Now that we’ve explored how L2s work and what they are, let’s explore a few:

Polygon: The Most Popular Layer 2?

Polygon (previously known as the Matic Network) is one of the most popular Layer 2 solutions. 

It's a multi-chain scaling solution for Ethereum that provides faster, low-cost transactions. Polygon is compatible with Ethereum's network and tools, which means that it's an easy transition for users and developers.

Polygon is not only one of the most well-known, but also one of the most well-funded Ethereum layer 2 solutions. Their capital has enabled the team to: 

• Launch Polygon Studios, an initiative that focuses on accelerating the growth of web3 gaming, metaverse and NFT projects. 
• Acquire scaling protocol Mir for $400 million and relaunch it as zkEVM.

Optimism: Ethereum at Warp Speed

Optimism is a Layer 2 scaling solution that uses a technology called Optimistic Rollups. It essentially provides instant transaction confirmations, gas fees of fractions of a penny and enables developers to deploy their DApps seamlessly. 

Many dApps use Optimism as their preferred L2, including the popular web3 publishing platform Mirror. The team behind Optimism also recently released a set of open-source components called Bedrock, which lowered fees, sped up transactions and made it easier for developers to build Ethereum-compatible dApps on Optimism.

Optimism is also highly modular, which has attracted various high-profile builders to build using its open source OP stack. Coinbase’s Base is built using Optimism, as is Worldcoin. 

While those were created by big players, web3 native organizations have also created their own chains using Optimism:

Zora Network

Zora is an NFT protocol founded by Jacob Horne which is immensely popular with independent artists and creative collectives like Friends With Benefits. 

Zora recently launched their own layer 2 solution to enable more artists and creatives to turn their artwork into NFTs at lower costs. 

Arbitrum One

Arbitrum One, developed by Offchain Labs, also uses Optimistic Rollups to scale Ethereum. It allows for the execution of smart contracts at a much lower cost and with faster transaction times, providing a smoother experience for users.

The technology behind Arbitrum is similar to that behind Optimism, but the ecosystem it has attracted differs. Arbitrum is perhaps most famous for its recent $ARB airdrop and for housing the web3 gaming ecosystem treasure. 

zkSync

zkSync is a Layer 2 scaling solution that uses a technology known as Zero-Knowledge Rollups. It involves complex 'zero-knowledge' cryptography which allows for all transaction validation to be done without the validator needing to know all the transaction details, providing both scalability and privacy.

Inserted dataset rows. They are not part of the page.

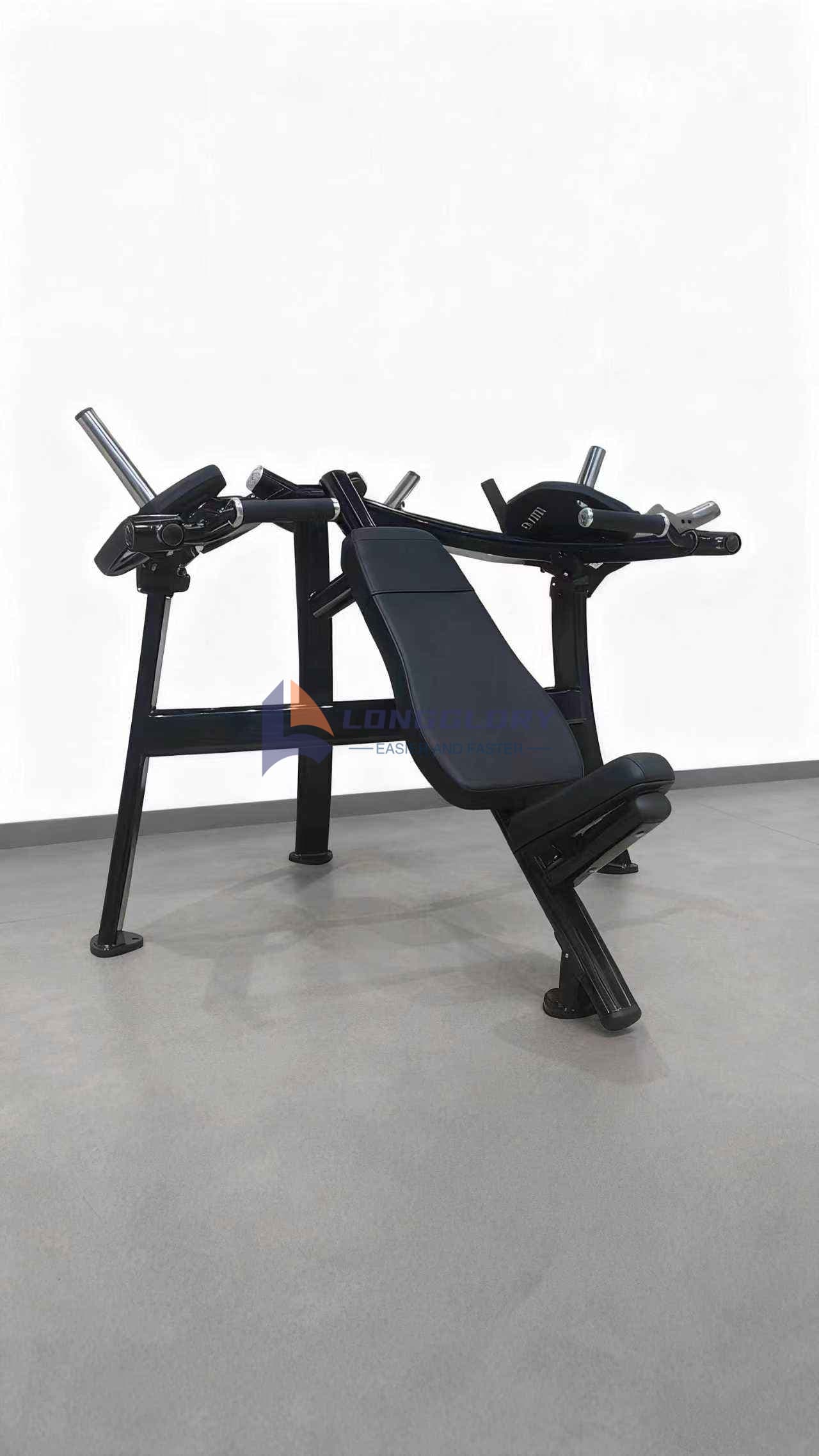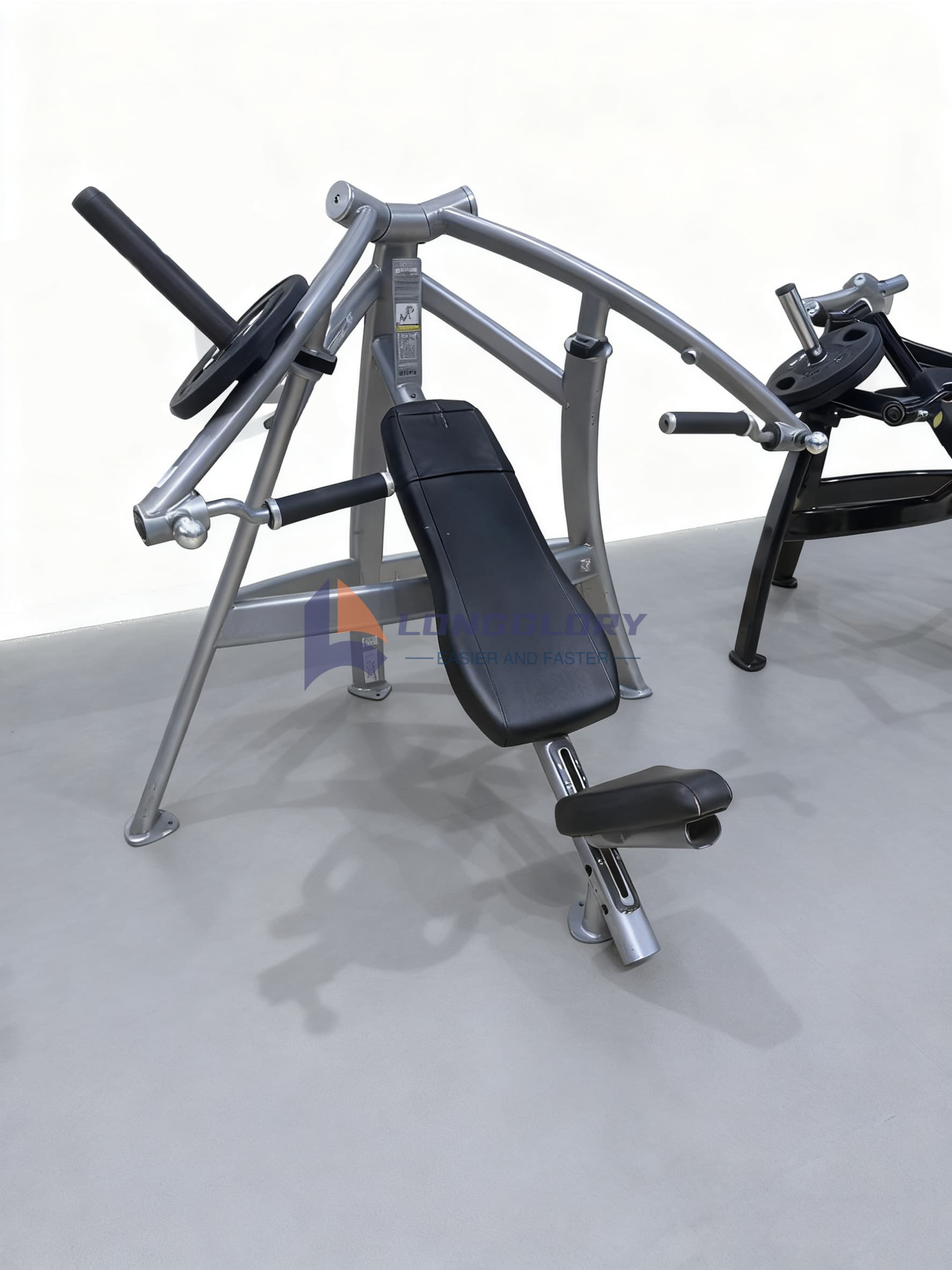 Commercial Incline Chest Press on rakennettu raskaaseen teräsrunkoon, joka varmistaa pitkäkestoisen kestävyyden ja vakauden korkeataajuisessa kaupallisessa käytössä. Sen ergonominen kallistuskulma auttaa aktivoimaan ylempiä rintalihaksia tehokkaammin kuin litteät puristusliikkeet, joten Commercial Incline Chest Press on välttämätön kone rintakehän voimaharjoitteluun kaupallisilla kuntosaleilla.
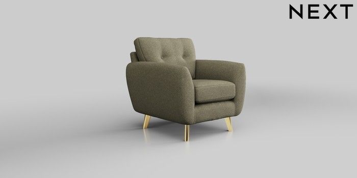 6.12.1 Buy Wilson Buttoned Back Armchair Tweedy Chenille Mid Moss Green Metal Tapered - Gold from the Laura Ashley online shop Click here to use our website with more accessibility support, for example screen readers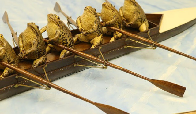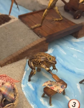 Жаби в музеї «ходять до школи», «працюють», «танцюють на вечірках» і навіть «грають на музичних інструментах».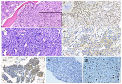 骨髓荧光原位杂交技术(fluorescence in situ hybridization:FISH)IgH重排阳性,RB1基因缺失18%,D13S319基因缺失26%,1q21/1p32融合基因异常11%。直肠息肉病理:极少量活检组织,浆细胞瘤不能除外,CD38+CD138+,ki-67:30%。胸壁肿物病理(图2C~G):浆细胞骨髓瘤,CD38+,kappa+,ki-67为20%,刚果红染色阴性,MYD88阴性。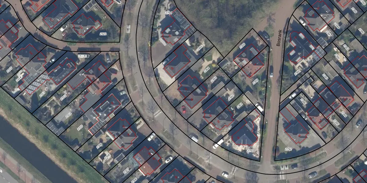 Gebruik de zoekbalk of klik op een perceel voor informatie over de adressen binnen dit perceel.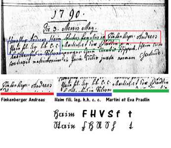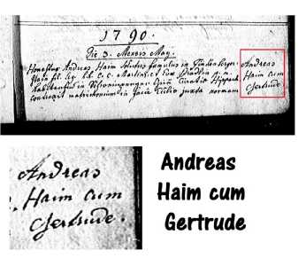 Andreas Heim, hijo de Martin y Eva con Gertrud Höllwart, hija de Johann Höllwart y Walpurga Wechselberger. Los datos de la esposa se anotan en la hoja siguiente, que recibe el número 50 en lugar de 40. Honestus Andreas Haim solutus famulus in Finkenberger stain fil. leg. h.h.c.c. Martini et Eva Pradlin p.m. Es la lectura correcta del documento. Incorrecto sería el apellido de la madre del novio, que todo indica que es Tipotsch. |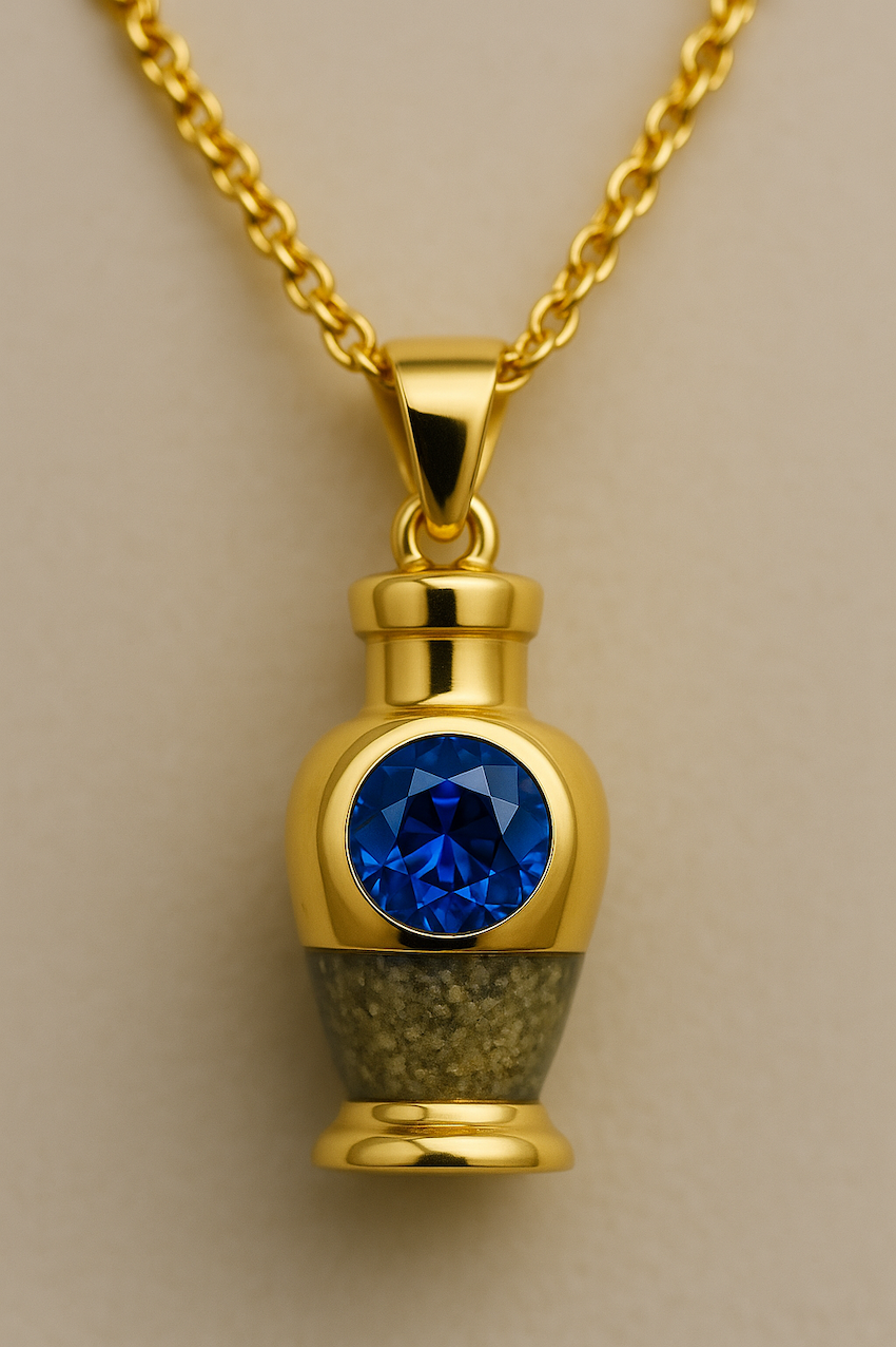 Each urn is individually shaped and polished to highlight the natural beauty of stones such as jade, onyx, and quartz, ensuring that every piece is both refined and enduring. In addition, the pendants—available in gold, white gold, and platinum—are set with precious gemstones and designed to embody both elegance and remembrance.
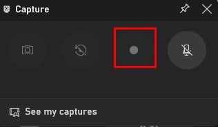 O ícone de gravação ou o ícone com o ponto branco começa a gravar sua tela. Sua tecla de atalho é Windows + Alt + R.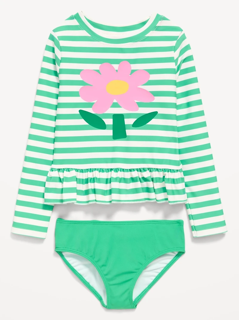 Printed Long-Sleeve Rashguard Swim Top Set for Toddler Girls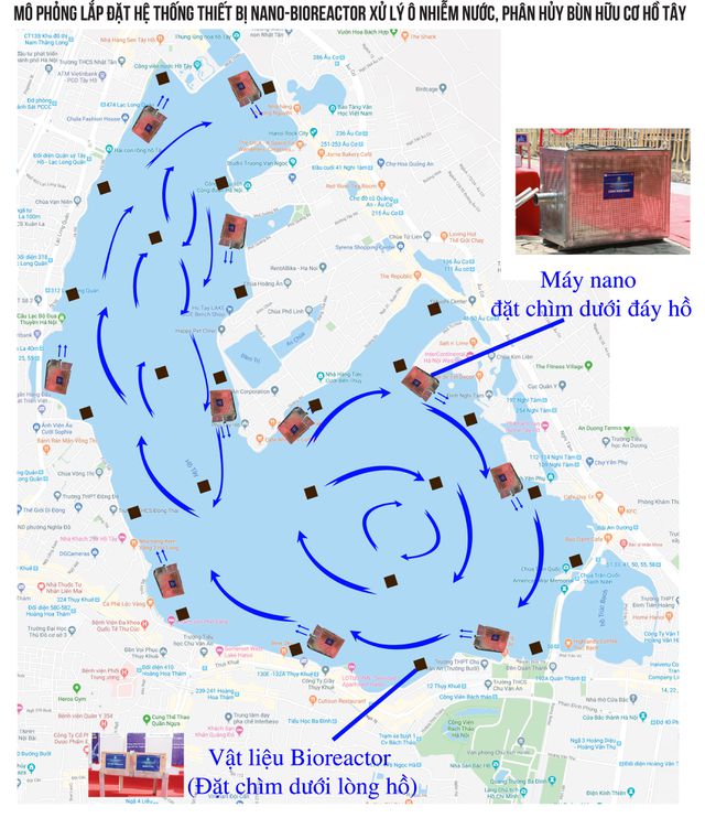 Như vậy, giải pháp này sẽ đảm bảo nước thải từ các cống sẽ được xử lý tại chỗ tại bể ngầm dưới đất bằng hệ thống Nano-Bioreactor nhóm thứ 1 tạo ra nước đạt QCVN rồi mới chảy vào sông Tô Lịch. Trong trường hợp phát sinh nước thải tràn vào lòng sông thì vẫn có hệ thống Nano-Bioreactor nhóm thứ 2 đặt ở giữa sông (có tính toán hợp lý, khoa học theo công thức tính toán của phát minh tại Nhật Bản) để xử lý mùi, chất ô nhiễm và phân hủy bùn hữu cơ ở trong lòng sông, tạo dòng chảy cho sông Tô Lịch.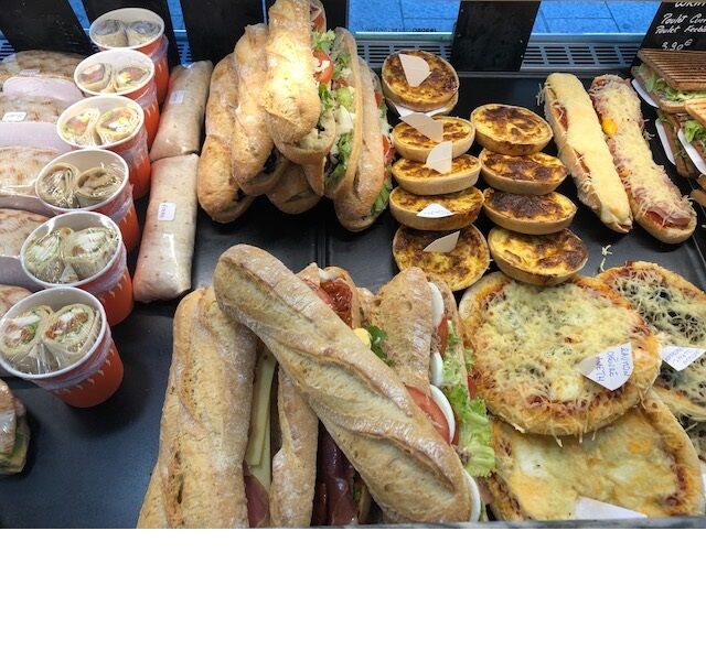 Vous y trouverez des salades composées variées, des sandwichs, paninis chauds, wraps, tartes salées, pains bagnats pour la partie salée et pour les bouches sucrées des viennoiseries, pâtisseries, beignets, crêpes, gauffres..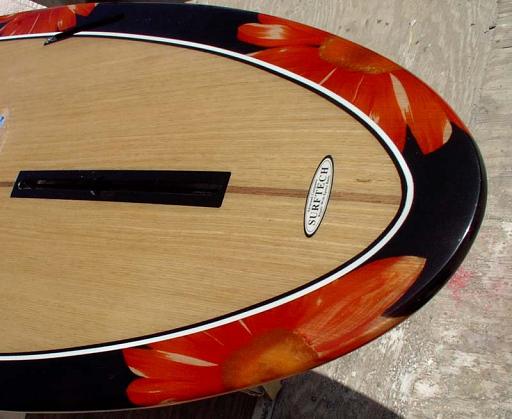 sanding-coated, design painted with Acrylic paints |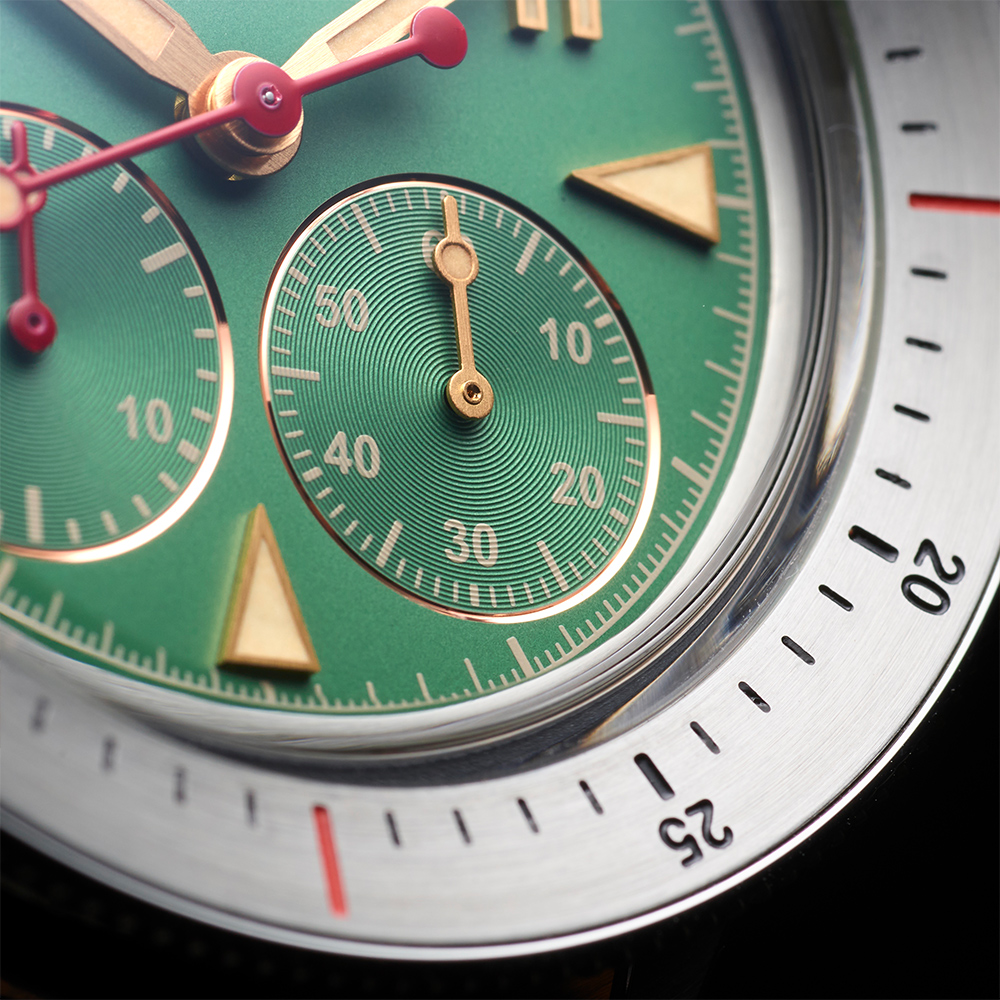 The Thundergraph's oversized turning bezel is a standout feature, elevating its functionality and distinguishing it as a tool watch tailored to the requirements of its intended users. The conical bezel that widens from the case to the exterior introduces an intriguing visual element to the Thundergraph's design. This particular bezel shape not only adds depth and dimension to the watch but also enhances its overall aesthetics, making it stand out from traditional bezel designs. Its knurled edge provides a firm grip, allowing for effortless rotation even while wearing gloves or in challenging conditions.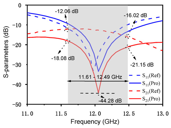 To further verify the decoupling mechanism of the proposed technique, the patch–monopole antenna arrays with different feeding points are simulated by using an EM simulator. The antennas are fed by 50 Ω coaxial lines from the back of the ground. The center-to-center distance between two patches is 0.404 λ 0 , where λ 0 is the wavelength in free space. Figure 4 shows the simulated scattering parameters of the patch–monopole antenna with different feeding positions. It is obvious that, in the frequency band (11.65–12.58 GHz) with return loss under −10 dB, the mutual coupling is reduced step by step with the altering of coordinate positions. Moreover, the port isolation is enhanced by about 3.5 dB~24.09 dB in the operating band.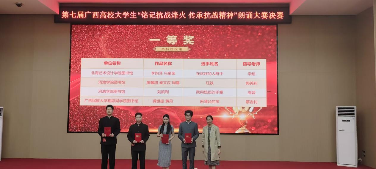 近日,第七届广西高校大学生朗诵大赛现场决赛在南宁师范大学明秀校区文星楼301报告厅圆满落幕。传媒艺术学院2024级播音与主持艺术专业学生李昀泽、冯奎荣携作品《在欢呼的人群中》斩获一等奖,指导老师李超荣获“优秀指导教师奖”,为学校再添荣誉。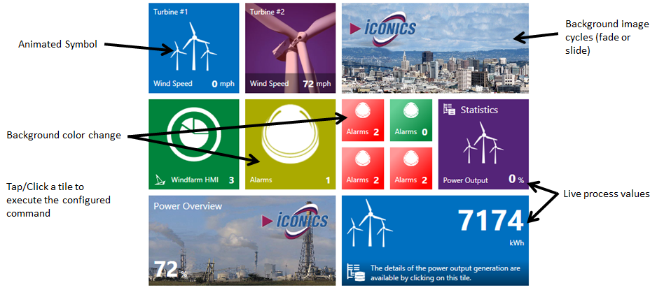 Smart Tiles are useful, at-a-glance graphic visualization tools that provide real-time information similar to Live Tile technology found in Microsoft Windows 8, Windows RT, and Windows Phone operating systems. The difference is that ICONICS Smart Tiles, created through the Smart Tile control in GraphWorX64, are applicable within HMI screens, whether those are PC-based or for mobile devices (phones, tablets, etc.).

The technology behind zkSync is different from that behind optimistic rollups like Arbitrum and Optimism. One person who’s especially excited about zero knowledge rollups is Vitalik Buterin, which bodes well for the budding technology.

Layer 2 NFTs: The Next Evolution?

During the 2021 PFP NFT craze, gas fees often skyrocketed, especially during high-profile launches. The incredible demand dove prices up and made traders happy, but also made NFTs inaccessible to many. 

Layer 2 NFTs only cost a few pennies to mint or trade, which makes them perfect for utility-based NFTs: ZED Run’s horse-racing game runs on Polygon, the gaming ecosystem Treasure is build on Arbitrum. 

To buy these NFTs, many marketplaces have integrated layer 2 solutions. But there are also layer 2 NFT marketplaces like qx.app, which serves the Optimism ecosystem.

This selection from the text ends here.